Steak Escape is a restaurant chain based in Columbus, Ohio, United States. Locations are typically found in food courts in shopping malls as well as airports, all serving a variety of menu items, including cheesesteaks. The company is known as the originator of the mall cheesesteak concept. The chain is owned by Columbus, Ohio-based Escape Enterprises.

==History==
The company was founded in Columbus, Ohio in 1982. In 1983, parent company Escape Enterprises Limited was formed, and the company began franchising.

By 1997, the company revenue was US$55.8M.
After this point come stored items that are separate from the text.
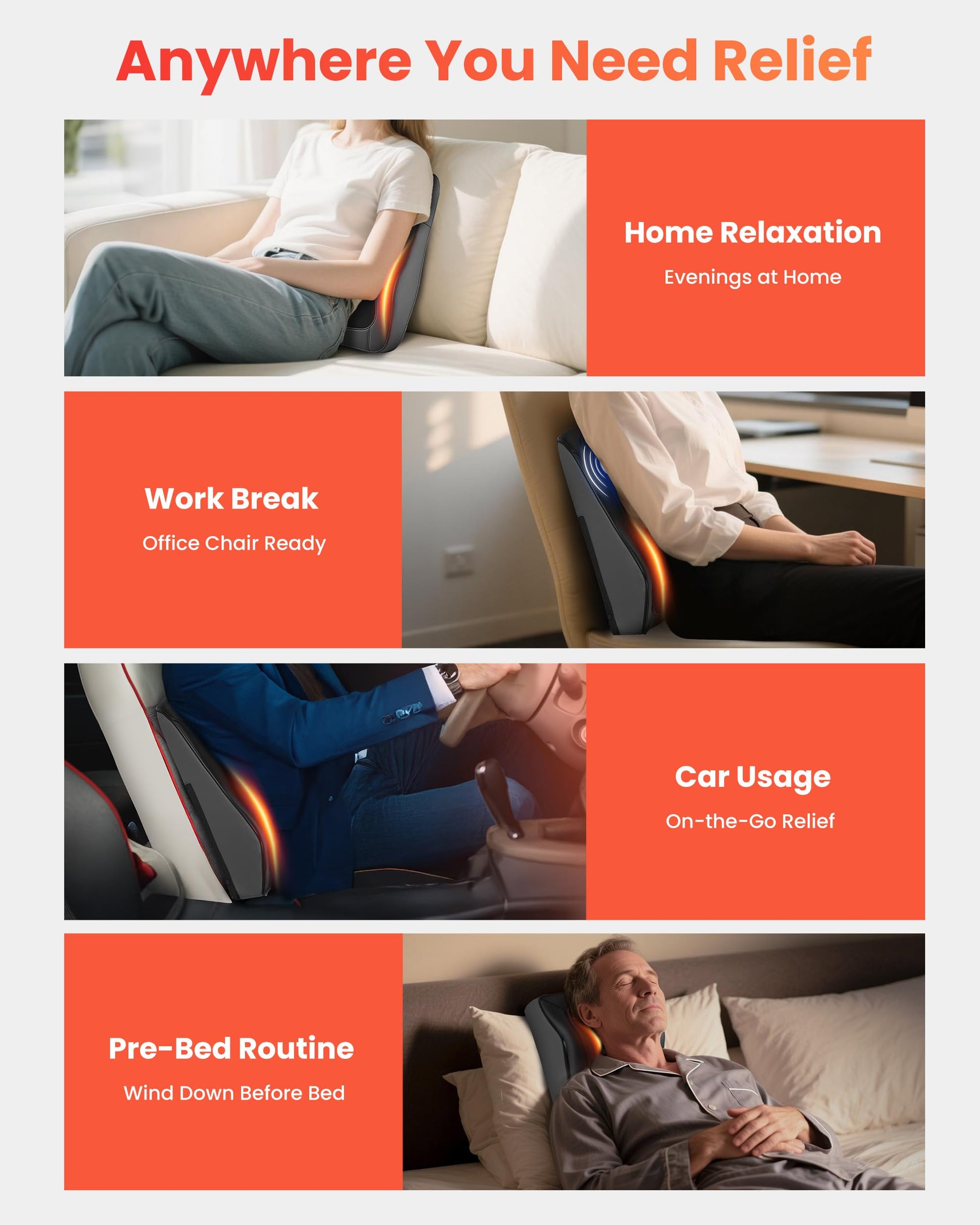 - Versatile Use on Chair, Sofa, or Office – More than Just a Neck Massager Perfectly fits your office chair or home recliner, making it ideal for work-from-home days or TV nights. Besides neck and back, use it on thighs, abdomen, or calves. A thoughtful massager for neck and shoulder pain, designed for all ages.
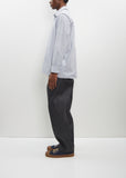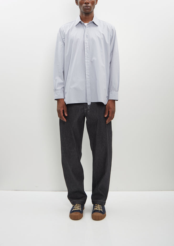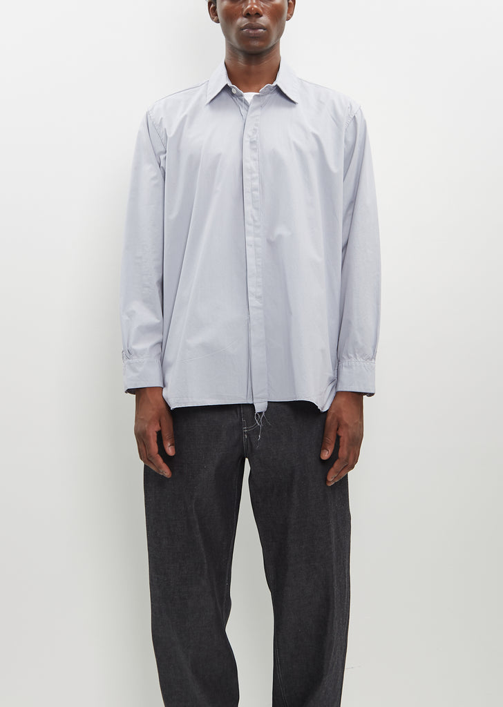 Camiel Fortgens pale blue-grey button-up shirt with inside out seams throughout in cotton poplin. Features pointed collar, concealed button placket, buttoned cuffs, and signature loose thread finish at placket, cuffs, and hem. Finished with mother-of-pearl buttons.
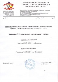 Обращаем ваше внимание, на перенос однодневного турнира среди команд 2007/08 г.р. из ст. Боковской в ст. Вешенскую.

In September 1998, the chain secured US$35M in franchise funding from financing Franchise Mortgage Acceptance Co. of East Brunswick, N.J.

In 2004, Steak Escape began to open co-locations with Taco John's.

In 2014, a Steak Escape store was opened in Karachi, Pakistan.

==Locations==
As of 2015, the company operated restaurants in over 100 cities in 23 states and seven countries, including Lebanon, the UAE, and Russia.